- Exercise directions
The entries below are to be returned as written, with all pictures dropped.

- Entries shown
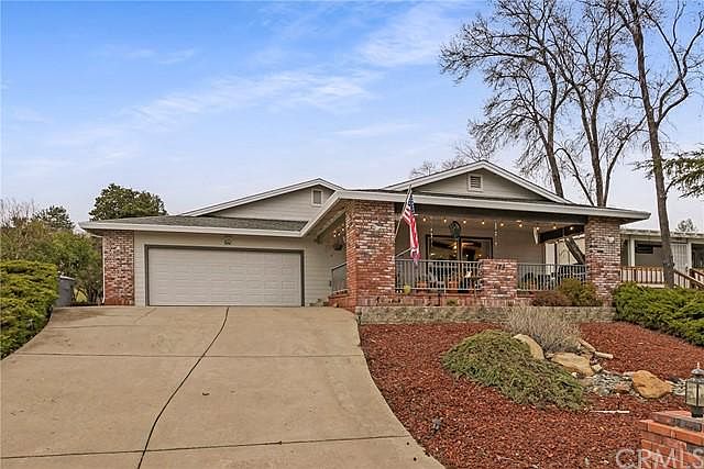 Pride of ownership abounds in this tastefully updated Kelly Ridge beauty with solar! From the moment you walk up to the property, you will be smitten with the covered front porch that offers beautiful sunset views of Lake Oroville. Step through the front door and you will find a fantastic open floor plan with open beam ceilings, recessed lighting, luxury laminate floors, fresh paint throughout, and a beautifully appointed gas fireplace hearth. This home is well appointed for those who love to host with the kitchen boasting tremendous storage, counter space, all beautifully updated and well appointed with stainless steel appliances, corian counters and a modern two tone color scheme to the cabinets. Just beyond the living room and kitchen space, you will find a formal dining room with built ins and buffet counter to further make this home an exemplary space for hosting! THIS DINING ROOM COULD BE EASILY CONVERTED INTO A 3RD BEDROOM! The guest bedroom and office rest along one side of the house with a master bedroom en suite resting privately at the other side of the house. The crown jewel of this home is the master en suite with well appointed vanities, his and her privacy bathrooms, his and her sinks, built in jetted tub, walk-in shower, and a generous walk-in closet with an ample amount of built in cabinetry. Just beyond the walk-in closet awaits the laundry room with utility sink and even more cabinetry! Out back, you will find well established and fruiting orange, grapefruit, and lemon trees. This home is an exceptional example of craftsmanship and pride. You don't miss this one.
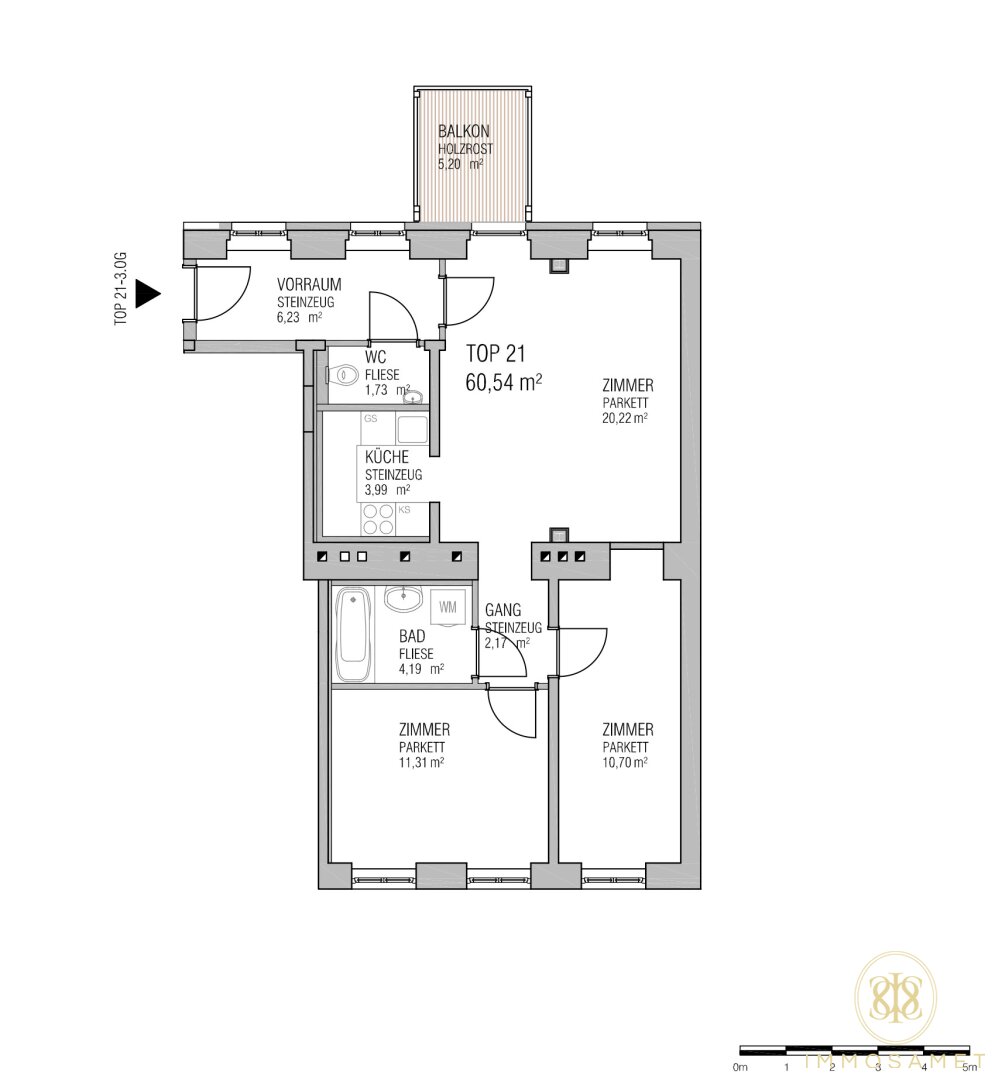 Auf der 3. Etage eines gepflegten Mehrfamilienhauses erwartet Sie eine großzügige Wohnfläche von 60,54 m², die sich ideal für
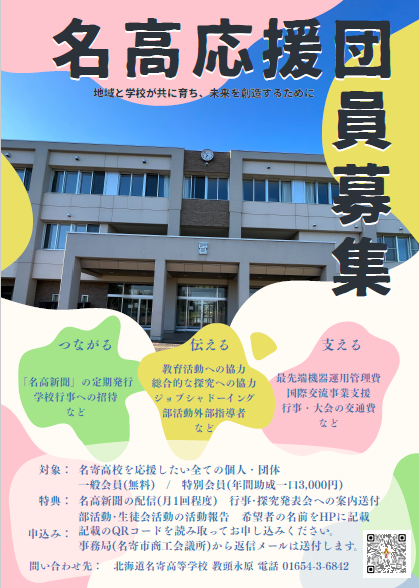 名高応援団概要 名高応援団についての詳細は、次のリンクでご確認ください。 ・名高応援団について *PDF形式 ダウンロード ・名高応援団申請フォーム *Googleフォームへ移動 *画像をクリックする拡大します。
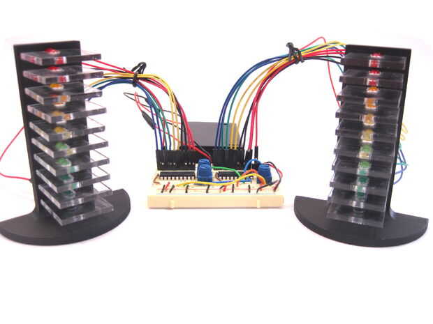 Ahora estás listo para conectar las torres de LED a la placa.
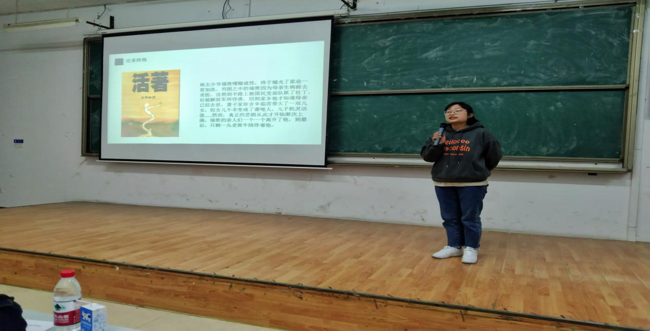 比赛过程中选手们以演讲为主,以PPT为辅,展现了自己对所阅读书籍的理解和感受。观众们也从演讲中感受到了阅读的无穷魅力。其中,20级金融一班余佳同学表现优异,她表达了对《活着》这本书深刻的看法和感悟,具有发人深省的感染力。
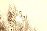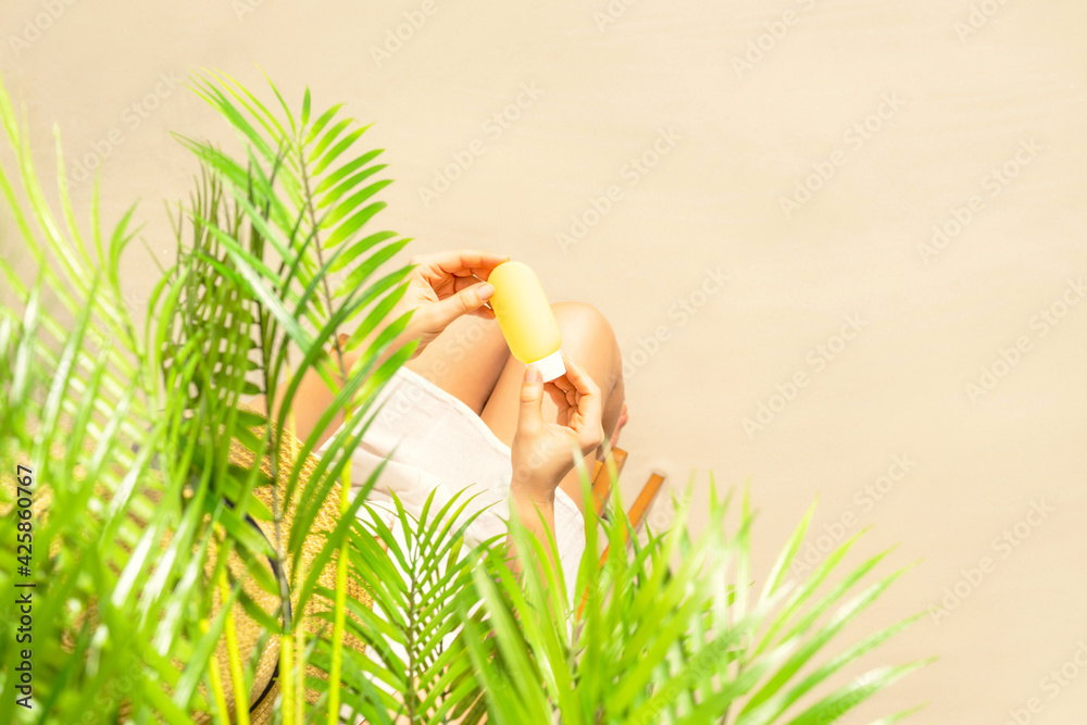Alone woman applying sunscreen on skin sitting under palm tree branches. Female relaxation on the sand of the beach at summer vacation. Top view
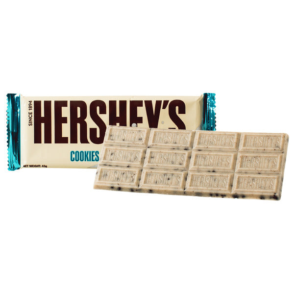 Ein beliebter Klassiker aus den USA: zart-schmelzende weiße Schokolade von Hershey's mit knusprigen Schokokeks-Stückchen für den extra Crunch
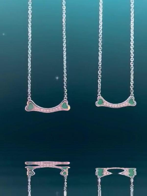 两心相悦-刻骨铭心,刻骨•铭心Bone • Heart Xin •Yue系列:我可能忘记回家的路,但永远忘不掉找你的路;我可能忘记所有的人,唯独对你的记忆刻骨铭心。这就是爱情,没有甜言蜜语,但是爱意满满。宇豪斯宾坚守设计风格的独特性,深刻阐述作品的内涵和特质,在设计构造中将元素主体的骨头造型镶嵌两粒心型宝石作为点缀——K金骨头造型寓意“情深至骨”,左右两粒心型宝石寓意“彼此同心,两心相悦”。整体造型呈现“舟”的曲线,在兼顾柔美的前提下也是爱有所承载的体现。这一系列从作者的角度阐述了对“爱”的独特理解和与众不同的创作思路。

- Exercise answer
 Pride of ownership abounds in this tastefully updated Kelly Ridge beauty with solar! From the moment you walk up to the property, you will be smitten with the covered front porch that offers beautiful sunset views of Lake Oroville. Step through the front door and you will find a fantastic open floor plan with open beam ceilings, recessed lighting, luxury laminate floors, fresh paint throughout, and a beautifully appointed gas fireplace hearth. This home is well appointed for those who love to host with the kitchen boasting tremendous storage, counter space, all beautifully updated and well appointed with stainless steel appliances, corian counters and a modern two tone color scheme to the cabinets. Just beyond the living room and kitchen space, you will find a formal dining room with built ins and buffet counter to further make this home an exemplary space for hosting! THIS DINING ROOM COULD BE EASILY CONVERTED INTO A 3RD BEDROOM! The guest bedroom and office rest along one side of the house with a master bedroom en suite resting privately at the other side of the house. The crown jewel of this home is the master en suite with well appointed vanities, his and her privacy bathrooms, his and her sinks, built in jetted tub, walk-in shower, and a generous walk-in closet with an ample amount of built in cabinetry. Just beyond the walk-in closet awaits the laundry room with utility sink and even more cabinetry! Out back, you will find well established and fruiting orange, grapefruit, and lemon trees. This home is an exceptional example of craftsmanship and pride. You don't miss this one.
 Auf der 3. Etage eines gepflegten Mehrfamilienhauses erwartet Sie eine großzügige Wohnfläche von 60,54 m², die sich ideal für
 名高応援団概要 名高応援団についての詳細は、次のリンクでご確認ください。 ・名高応援団について *PDF形式 ダウンロード ・名高応援団申請フォーム *Googleフォームへ移動 *画像をクリックする拡大します。
 Ahora estás listo para conectar las torres de LED a la placa.
 比赛过程中选手们以演讲为主,以PPT为辅,展现了自己对所阅读书籍的理解和感受。观众们也从演讲中感受到了阅读的无穷魅力。其中,20级金融一班余佳同学表现优异,她表达了对《活着》这本书深刻的看法和感悟,具有发人深省的感染力。
Alone woman applying sunscreen on skin sitting under palm tree branches. Female relaxation on the sand of the beach at summer vacation. Top view
 Ein beliebter Klassiker aus den USA: zart-schmelzende weiße Schokolade von Hershey's mit knusprigen Schokokeks-Stückchen für den extra Crunch
 两心相悦-刻骨铭心,刻骨•铭心Bone • Heart Xin •Yue系列:我可能忘记回家的路,但永远忘不掉找你的路;我可能忘记所有的人,唯独对你的记忆刻骨铭心。这就是爱情,没有甜言蜜语,但是爱意满满。宇豪斯宾坚守设计风格的独特性,深刻阐述作品的内涵和特质,在设计构造中将元素主体的骨头造型镶嵌两粒心型宝石作为点缀——K金骨头造型寓意“情深至骨”,左右两粒心型宝石寓意“彼此同心,两心相悦”。整体造型呈现“舟”的曲线,在兼顾柔美的前提下也是爱有所承载的体现。这一系列从作者的角度阐述了对“爱”的独特理解和与众不同的创作思路。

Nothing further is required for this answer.